Wear a Mask, Hope for the Best

Masked passengers arrive at Ben-Gurion International Airport, Israel, February 17, 2020.
Moti Milrod

The strongest feeling regarding how Israel is addressing the threat of the new coronavirus is a sense of the state’s own helplessness. Behind the big, pompous, seemingly decisive words is nothing except for a cardboard sign at Ben-Gurion International Airport calling on passengers returning from certain Asian countries to self-quarantine for two weeks. As if people would voluntarily place themselves under a kind of house arrest, as if it were even logical, in a democratic country, to arbitrarily quarantine thousands of people in this way. That’s your solution? As if the state can even enforce the command to withdraw from life for two weeks.

Who’ll compensate the self-employed while they’re in quarantine? Who’ll take care of their families? Who’ll reimburse employers? Did anyone consider even the most trivial ramifications of the policy? For that matter, who will enforce the quarantine? Who’ll make sure people who may be infected don’t come in contact with others and risk spreading the virus?
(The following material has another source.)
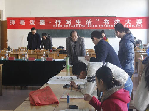 (本站讯)笔墨挥洒韵味,捷思闪烁光泽。为营造浓厚校园文化氛围,提高老员工精神文化需求。11月26日下午,由老员工心理健康中心主办,fun88官网体育心理发展部与国学社共同承办的fun88官网体育“挥洒泼墨·抒写生活”书法大赛决赛于1号教学楼314室顺利举行。fun88官网体育教授盖光、中文系副主任岳庆云及相关活动负责人担任评委。
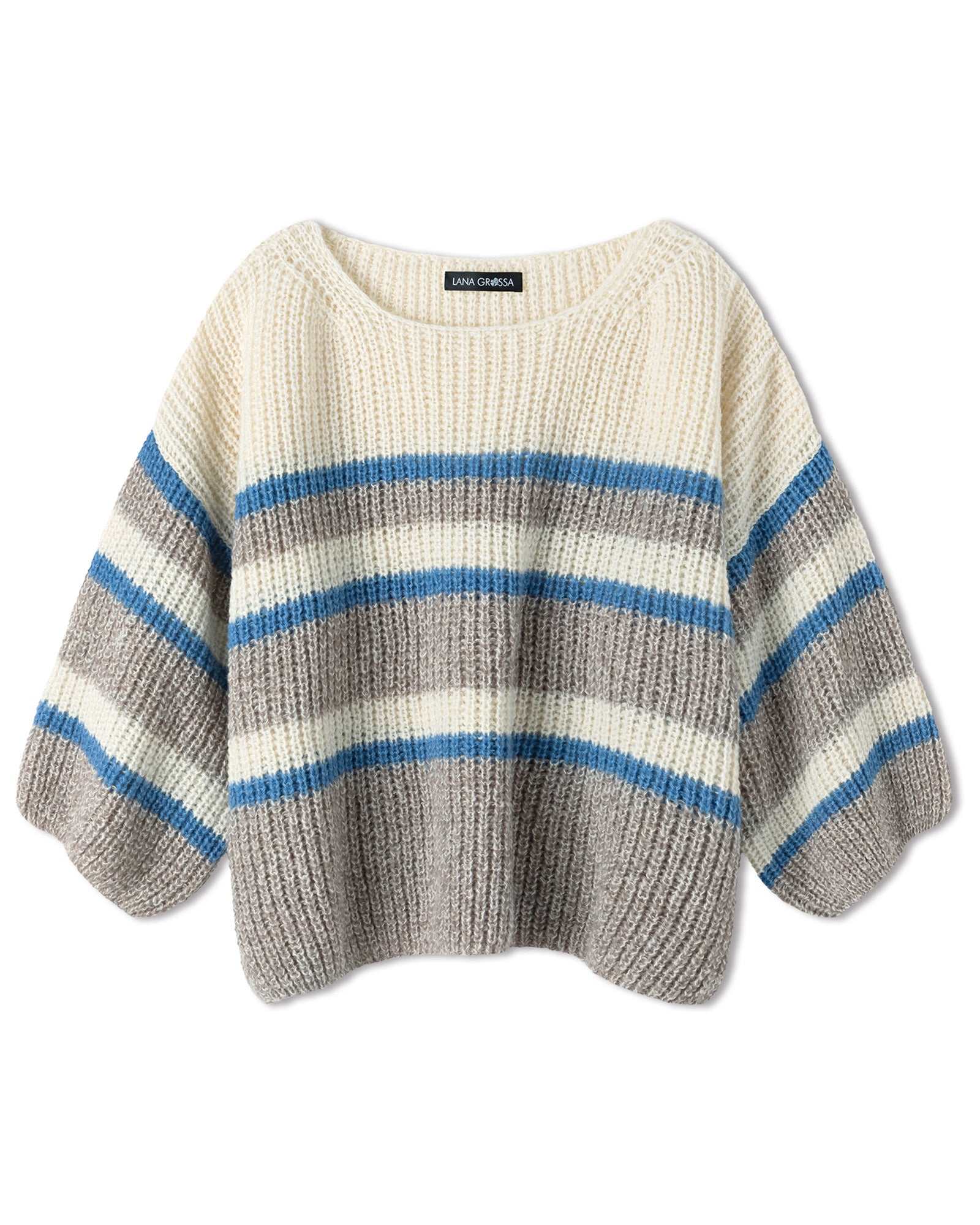 Der „Pullover Soffio“ vereint einen natürlichen Charme mit luxuriösen Materialien. Die Kombination aus extrafeiner Merinowolle, Bio-Baumwolle und Kaschmir fühlt sich wunderbar soft an und hält zugleich angenehm warm. Durch das Halbpatentmuster entsteht ein markantes Strickbild, das den Farbwechsel zwischen Rohweiß, Taupe und Himmelblau eindrucksvoll zur Geltung bringt.

What personnel will carry out such work, and with what funding?

Beyond the countless “human interest stories” on the news, there isn’t really a serious discussion of how the state should respond to the threat of an epidemic such as the new coronavirus. There is no serious debate of considered, concrete, steps the government should take to reduce the potential harm. Most measures taken so far seem more like theater than a genuine response. Could it be the government has no real response? Could it be that in its current state – defensive, stalled, disconnected – it can’t really respond beyond issuing the usual, automatic response?
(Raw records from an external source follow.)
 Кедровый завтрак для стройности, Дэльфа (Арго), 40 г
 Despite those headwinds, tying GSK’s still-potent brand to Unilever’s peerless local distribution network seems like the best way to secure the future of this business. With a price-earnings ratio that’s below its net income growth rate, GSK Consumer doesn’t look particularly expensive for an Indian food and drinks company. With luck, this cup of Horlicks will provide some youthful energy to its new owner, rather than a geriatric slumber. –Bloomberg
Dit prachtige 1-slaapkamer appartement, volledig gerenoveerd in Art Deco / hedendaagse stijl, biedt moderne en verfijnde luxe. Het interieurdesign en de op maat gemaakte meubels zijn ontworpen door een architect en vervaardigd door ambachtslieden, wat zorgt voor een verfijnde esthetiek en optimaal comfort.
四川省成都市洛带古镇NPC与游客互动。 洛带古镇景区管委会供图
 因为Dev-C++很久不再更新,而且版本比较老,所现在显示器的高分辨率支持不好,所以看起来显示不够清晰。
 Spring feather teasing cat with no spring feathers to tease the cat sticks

And it’s not only the government. It’s doubtful whether, under the current political circumstances, it’s possible to hold any serious public discussion of these questions, this situation or life in general. I ask all those speaking now about the health system’s problems and promising big changes, what is your position on readiness to address the new coronavirus? What would you do? Do you consider it unimportant? What can be done to safeguard public health at the most immediate, existential level?
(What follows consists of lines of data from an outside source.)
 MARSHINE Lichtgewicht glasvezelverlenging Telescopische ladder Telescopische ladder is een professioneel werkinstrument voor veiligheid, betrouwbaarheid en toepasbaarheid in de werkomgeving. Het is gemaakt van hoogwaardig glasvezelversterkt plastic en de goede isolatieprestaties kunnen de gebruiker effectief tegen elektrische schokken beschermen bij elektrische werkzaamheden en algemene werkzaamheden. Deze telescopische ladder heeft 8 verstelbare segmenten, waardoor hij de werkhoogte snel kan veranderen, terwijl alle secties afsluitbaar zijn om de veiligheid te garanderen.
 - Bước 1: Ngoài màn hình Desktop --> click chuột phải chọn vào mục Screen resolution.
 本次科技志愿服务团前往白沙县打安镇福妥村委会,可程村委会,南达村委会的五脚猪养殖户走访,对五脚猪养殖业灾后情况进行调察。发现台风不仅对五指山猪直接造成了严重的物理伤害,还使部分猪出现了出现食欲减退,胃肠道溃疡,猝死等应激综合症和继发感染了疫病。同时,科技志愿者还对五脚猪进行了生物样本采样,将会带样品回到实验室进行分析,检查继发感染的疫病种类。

The story of Israel’s preparedness for the coronavirus is largely an allegory of its current inability to handle anything a little challenging, that requires creative thought, that requires it to set aside its automatic positions for a moment to get something done. It is doubtful whether the state today is capable of meeting the needs of Israelis with problems that deviate from the recognized and the familiar.

When I write here about the “end of the political era,” of the powerlessness of nation-states – not only of Israel – in the face of the rampant craziness of these fragile times, I’m also writing about that. The outbreak of the new coronavirus is a small matter in comparison to the tremendous changes facing the entire world, and what nation-states, such as Israel, will have to confront in the future (such as climate change).

Almost no one is shouting out a warnings about the coronavirus creeping toward us; nobody is demanding the Health Ministry, the prime minister, the Knesset, take action. It’s doubtful there’s a single Israeli who believes the sign at the entrance to Ben-Gurion International Airport instructing people to self-quarantine, without anyone to supervise or to answer the most basic questions, can be of any help. The deep public distrust in the political system has long since given way to indifference, disinterest and shoulder-shrugging. We’ll buy a face mask and put it on. Like a person who has fallen off a cliff and can do nothing but flap their arms as they descend.